Matthew Boesler interviews L. Randall Wray regarding his views of the present commodities bubble:
We’ve discussed this topic before on Benzinga Radio, with respected market analysts like Dan Dicker (again) and Fadel Gheit–financialization of commodities markets. At issue: massive institutional inflows into paper commodities, which end up factoring into prices much more than, say, real supply and demand for the physical assets. The result? A bubble.
That term–bubble–gets thrown around pretty loosely these days, and it’s often a contentious issue, especially in the commodities context. We’ve spoken to several others on Benzinga Radio, including successful investors like Jim Rogers and Marc Faber, who are outspoken advocates of the long commodities trade in the coming years. The question now, with evidence of a coming global slowdown increasingly in focus, is whether commodities will continue to outperform. The last few trading sessions, going back a week or so, certainly seem to have raised concerns.
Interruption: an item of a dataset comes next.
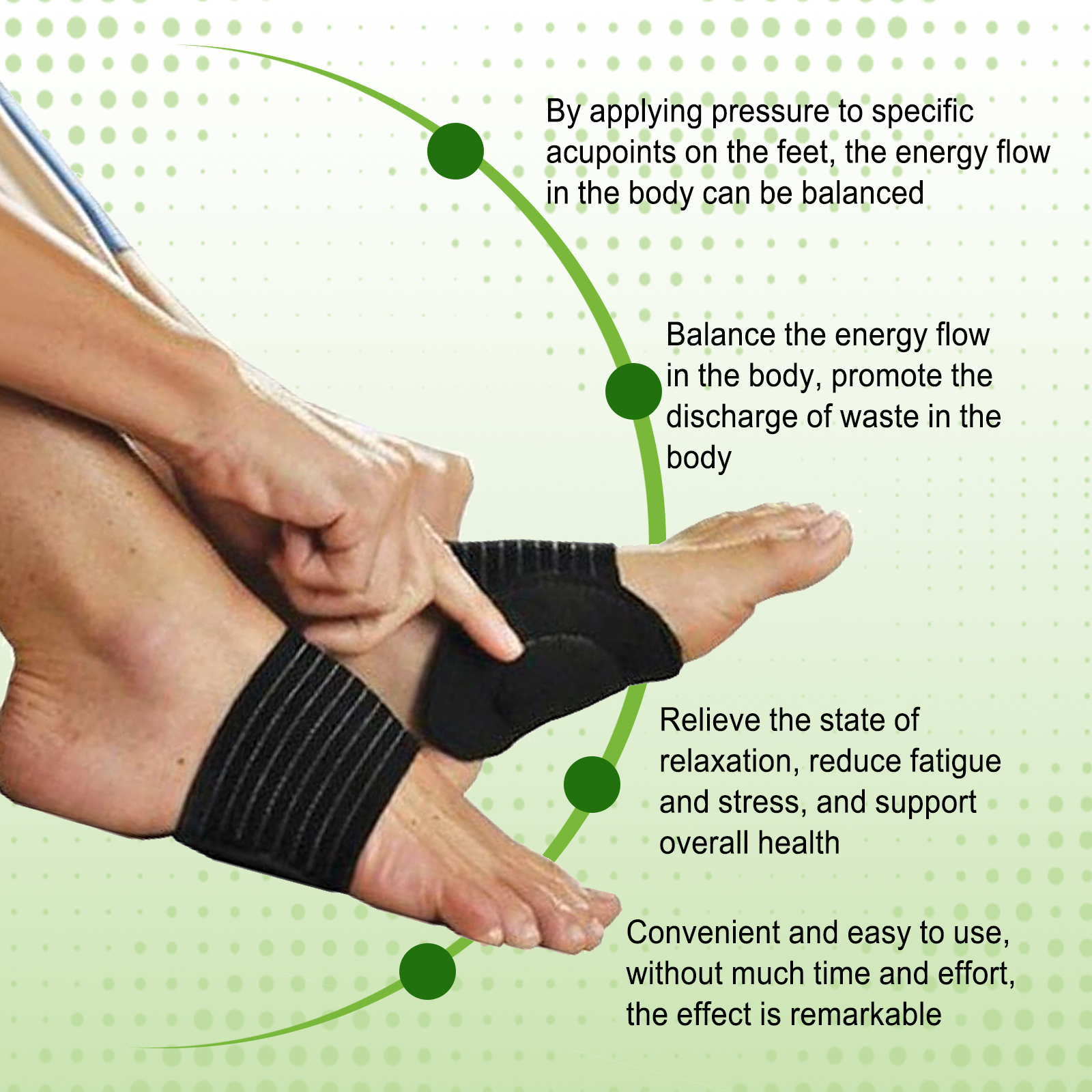 Our Foot Acupressure Pads contain resin. It can balance the energy flow in the body by applying pressure to specific six positions on the feet, promote the removal of waste from the body, relieve a relaxed state, reduce fatigue and stress, and support overall health. The way to use it is simple: wear the foot shiatsu pad directly on the foot and continue with your daily activities. Balance energy flow in the body, discharge metabolic waste in the body, reduce fatigue.

Dr. Randy Wray, a respected economist at the University of Missouri, Kansas City, was commissioned by congressional offices in 2008 to look into the commodities markets as prices marched to record highs during early summer before crashing in July. He spoke with us on Benzinga Radio, raising several interesting points about the evolving dynamics of the commodities markets and the statistical significance of the change in prices we’ve seen over the last several years.